**DATA PROVIDED**
□ □ □

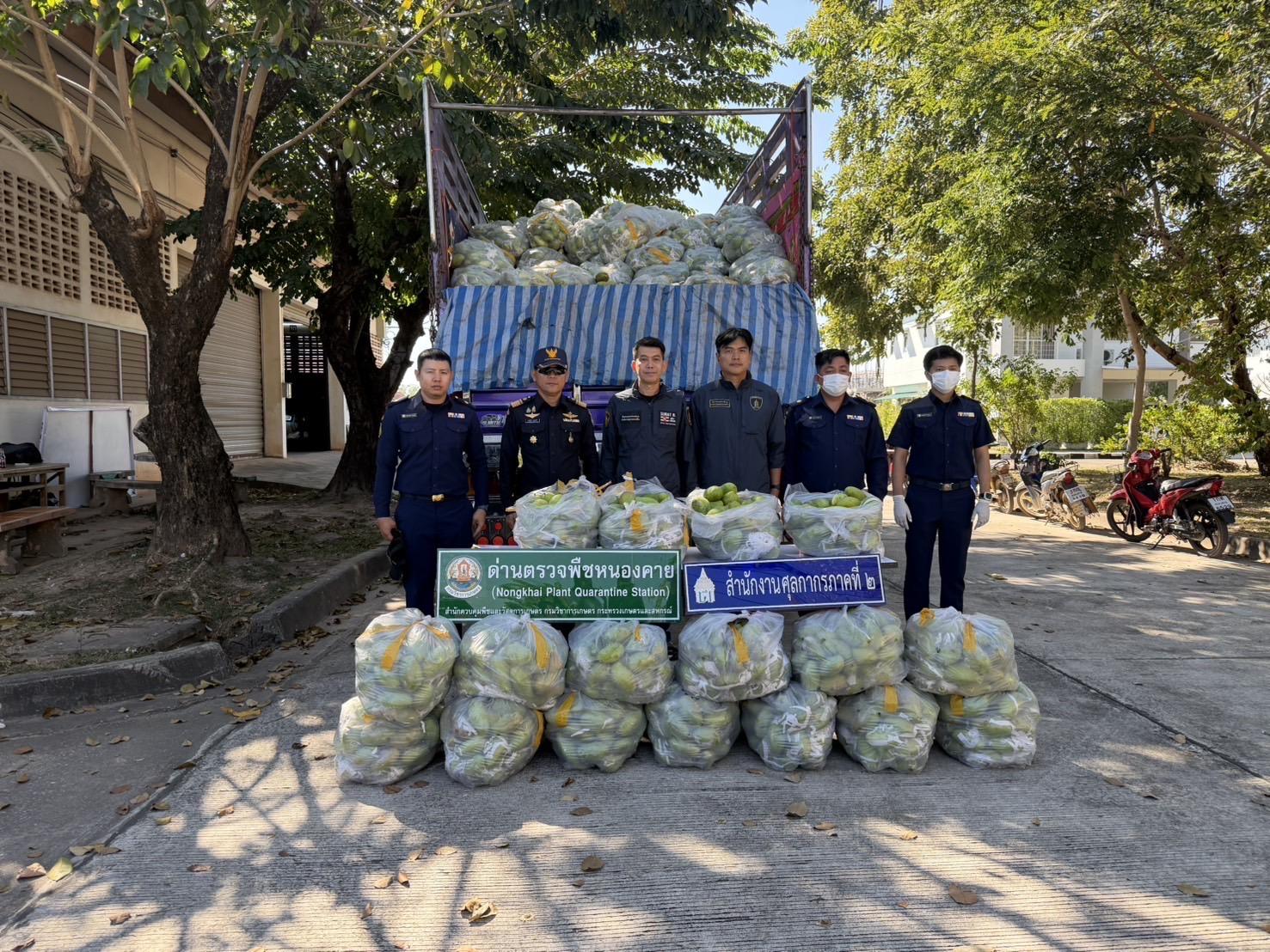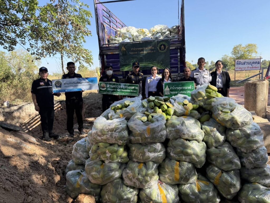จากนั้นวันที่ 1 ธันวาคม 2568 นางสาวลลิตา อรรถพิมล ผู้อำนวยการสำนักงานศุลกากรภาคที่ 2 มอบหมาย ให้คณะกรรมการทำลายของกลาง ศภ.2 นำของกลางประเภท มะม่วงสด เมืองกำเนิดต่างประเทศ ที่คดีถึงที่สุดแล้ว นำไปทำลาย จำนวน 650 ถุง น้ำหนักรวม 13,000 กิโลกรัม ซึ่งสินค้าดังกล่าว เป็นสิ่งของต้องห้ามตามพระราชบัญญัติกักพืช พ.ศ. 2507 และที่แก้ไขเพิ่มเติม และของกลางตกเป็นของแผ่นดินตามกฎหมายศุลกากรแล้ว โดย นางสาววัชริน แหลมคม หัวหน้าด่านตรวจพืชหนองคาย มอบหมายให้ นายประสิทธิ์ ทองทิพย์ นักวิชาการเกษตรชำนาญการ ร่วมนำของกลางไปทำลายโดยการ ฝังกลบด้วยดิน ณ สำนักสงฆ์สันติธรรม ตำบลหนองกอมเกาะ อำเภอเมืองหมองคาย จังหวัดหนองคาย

□ □ □

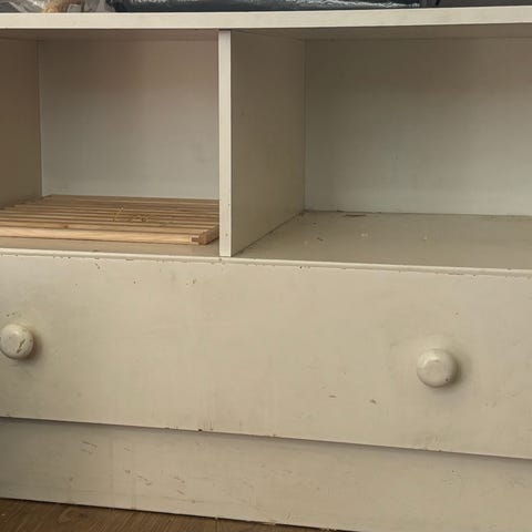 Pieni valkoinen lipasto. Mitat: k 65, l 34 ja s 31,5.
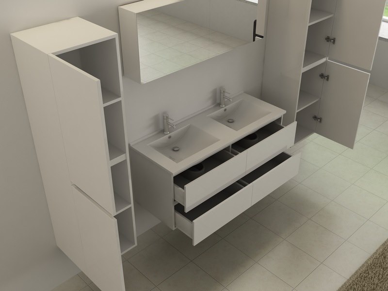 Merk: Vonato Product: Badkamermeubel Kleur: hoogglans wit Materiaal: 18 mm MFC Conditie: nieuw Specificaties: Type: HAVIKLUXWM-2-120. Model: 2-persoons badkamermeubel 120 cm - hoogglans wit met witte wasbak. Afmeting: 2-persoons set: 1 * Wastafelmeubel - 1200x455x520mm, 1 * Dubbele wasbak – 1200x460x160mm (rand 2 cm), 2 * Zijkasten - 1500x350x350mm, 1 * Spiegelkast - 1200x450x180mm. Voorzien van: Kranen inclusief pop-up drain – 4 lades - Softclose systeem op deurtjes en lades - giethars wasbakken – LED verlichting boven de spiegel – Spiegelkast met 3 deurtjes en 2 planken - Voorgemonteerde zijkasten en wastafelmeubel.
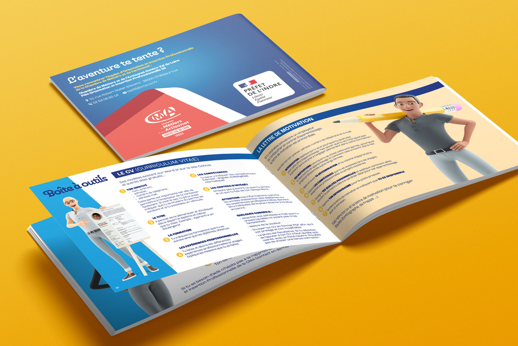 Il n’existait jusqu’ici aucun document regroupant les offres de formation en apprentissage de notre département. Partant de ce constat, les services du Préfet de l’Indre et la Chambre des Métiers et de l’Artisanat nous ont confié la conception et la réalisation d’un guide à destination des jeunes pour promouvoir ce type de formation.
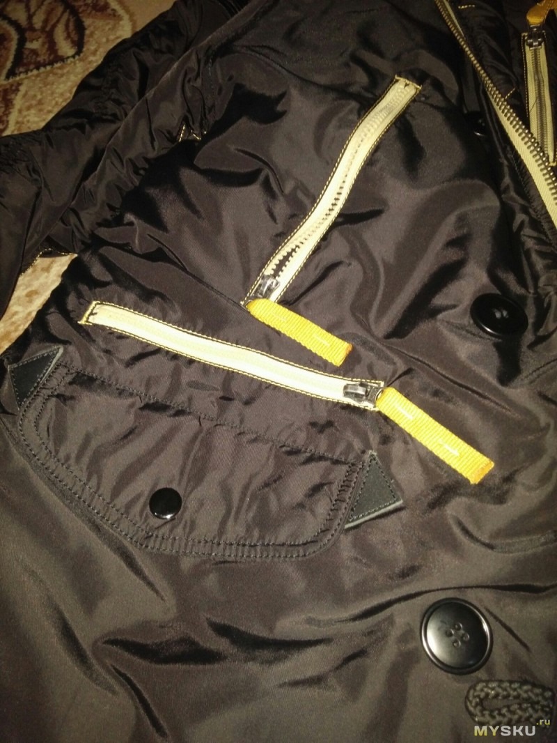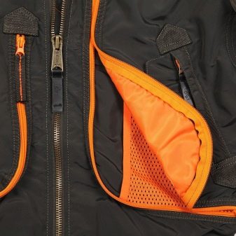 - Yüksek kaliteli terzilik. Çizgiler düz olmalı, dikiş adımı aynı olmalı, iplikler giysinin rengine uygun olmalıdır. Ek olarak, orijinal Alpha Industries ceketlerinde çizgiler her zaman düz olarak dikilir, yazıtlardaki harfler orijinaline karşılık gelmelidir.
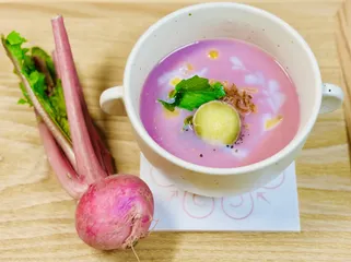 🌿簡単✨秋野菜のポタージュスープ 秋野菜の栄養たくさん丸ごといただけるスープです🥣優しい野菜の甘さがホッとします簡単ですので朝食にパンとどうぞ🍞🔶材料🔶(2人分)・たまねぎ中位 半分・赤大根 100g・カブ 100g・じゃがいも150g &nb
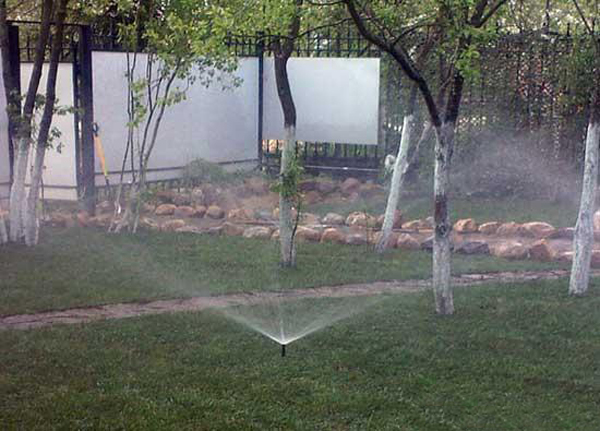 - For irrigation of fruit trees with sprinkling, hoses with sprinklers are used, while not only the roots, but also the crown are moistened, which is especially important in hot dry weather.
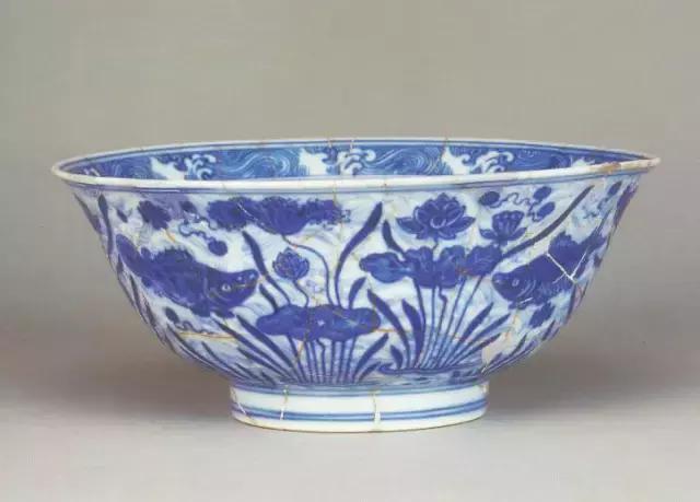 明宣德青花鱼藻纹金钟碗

□ □ □

**INSTRUCTIONS FOR THE TASK**
Using the data above, retype exactly and only the lines from the one containing "Merk: Vonato Product: Badkamermeubel" up to and including the one containing "Il n’existait jusqu’ici", with no pictures carried over.

**EXPECTED ANSWER**
 Merk: Vonato Product: Badkamermeubel Kleur: hoogglans wit Materiaal: 18 mm MFC Conditie: nieuw Specificaties: Type: HAVIKLUXWM-2-120. Model: 2-persoons badkamermeubel 120 cm - hoogglans wit met witte wasbak. Afmeting: 2-persoons set: 1 * Wastafelmeubel - 1200x455x520mm, 1 * Dubbele wasbak – 1200x460x160mm (rand 2 cm), 2 * Zijkasten - 1500x350x350mm, 1 * Spiegelkast - 1200x450x180mm. Voorzien van: Kranen inclusief pop-up drain – 4 lades - Softclose systeem op deurtjes en lades - giethars wasbakken – LED verlichting boven de spiegel – Spiegelkast met 3 deurtjes en 2 planken - Voorgemonteerde zijkasten en wastafelmeubel.
 Il n’existait jusqu’ici aucun document regroupant les offres de formation en apprentissage de notre département. Partant de ce constat, les services du Préfet de l’Indre et la Chambre des Métiers et de l’Artisanat nous ont confié la conception et la réalisation d’un guide à destination des jeunes pour promouvoir ce type de formation.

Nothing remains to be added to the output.